İçindekiler
İnsanın göçebe hayattan yerleşik hayata geçmesiyle birlikte çeşitli ihtiyaçlar ortaya çıkmıştır. Barınma ile başlayan inşa faaliyetleri; yerleşim yerleri arası ulaşım, gıda depolama, hayvan barınakları, yönetim merkezleri, eğitim ve eğlence alanları derken bir medeniyet inşasına dönüşmüştür. Bu medeniyet inşasının günümüzdeki en büyük faktörlerinden birisi kentsel dönüşümdür. Yenilenen alanlar ve yapılar, belki de yüz yıllar sonra yaşamaya devam edecek ve miras olarak şehirlere kalacaktır. Bu sebeple şehir ruhunun yansıtıldığı eserleri hayata kazandırmak gerekmektedir.

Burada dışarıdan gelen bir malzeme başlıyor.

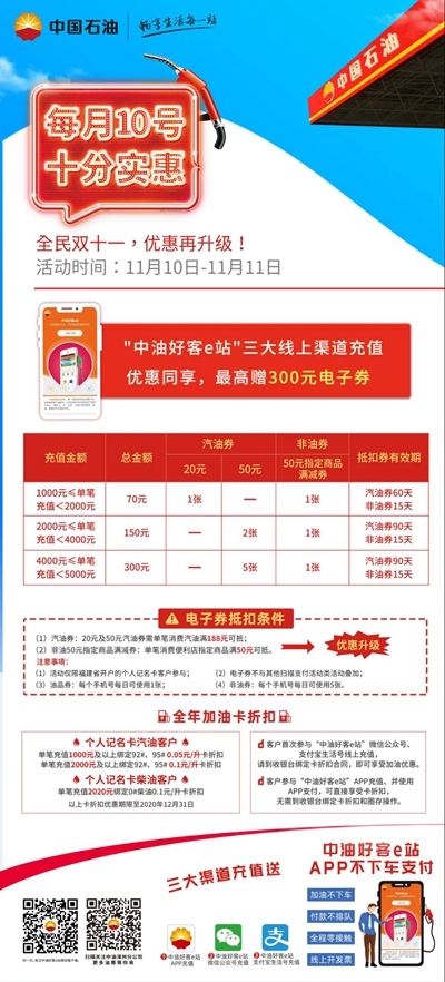 优惠一:10惠+双十一,最高赠300 据介绍,此外,活动期间,还有超级“10惠日”、“双十一”活动。11月10日至11日,通过“中油好客e站”APP、“中油好客e站”微信公众号或“中油好客e站”支付宝生活号充值,即可获得非油满减券及汽油劵,可在便利店购买指定商品或消费汽油获得满减优惠,最高赠送300,为大家带来实实在在的“实惠”。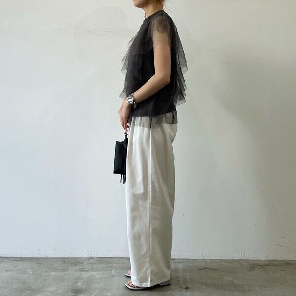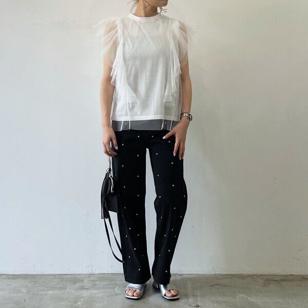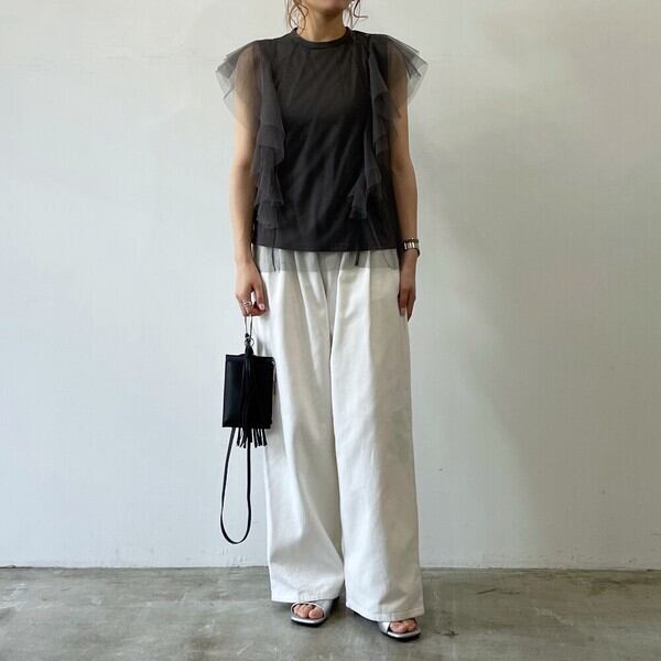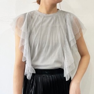 Tシャツ生地にチュールのフリル袖がドッキングされたガーリー×カジュアルなアイテム。

Ülkemizde kentsel dönüşümün kötü örnekleri görüldükçe bu noktada bir ön yargı oluşmuştur. Ancak kentsel dönüşümün doğru uygulandığında ne kadar önemli ve güzel bir uygulama olduğunu görmek zor değil… Burada da süreç yönetimi çok önemli bir unsur olarak karşımıza çıkmaktadır. Hak sahiplerine rağmen bir projeyi hayata geçirmek çok gerçekçi değildir. Bu nedenle ince ince eleyerek ve dantel gibi işleyerek bir süreç yönetilmesi gerekir. Kentsel dönüşüm üç şekilde yapılabilir. Riskli yapı, rezerv yapı alanı, riskli alan…
Riskli Yapı Nedir?
Ekonomik ömrünü tamamlamış olan, yıkılma veya ağır hasar görme riski taşıdığı ilmi ve teknik verilere dayanılarak tespit edilen yapılara “riskli yapı” denmektedir. Burada masraflar kendilerine ait olmak üzere öncelikle yapı malikleri veya bunların kanuni temsilcileri tarafından, Bakanlıkça lisanslandırılan kurum ve kuruluşlara yaptırılır ve sonuç Bakanlığa veya idareye bildirilir.
Rezerv Yapı Alanı Nedir?
Yeni yerleşim alanı olarak kullanılmak üzere Toplu Konut İdaresi Başkanlığının (TOKİ) veya idarenin talebine bağlı olarak veya resen Bakanlıkça belirlenen alanları ifade etmektedir.
Riskli Alan Nedir?
Zemin yapısı veya üzerindeki yapılaşma sebebiyle can ve mal kaybına yol açma riski taşıyan, Cumhurbaşkanınca kararlaştırılan alanı tanımlamaktadır.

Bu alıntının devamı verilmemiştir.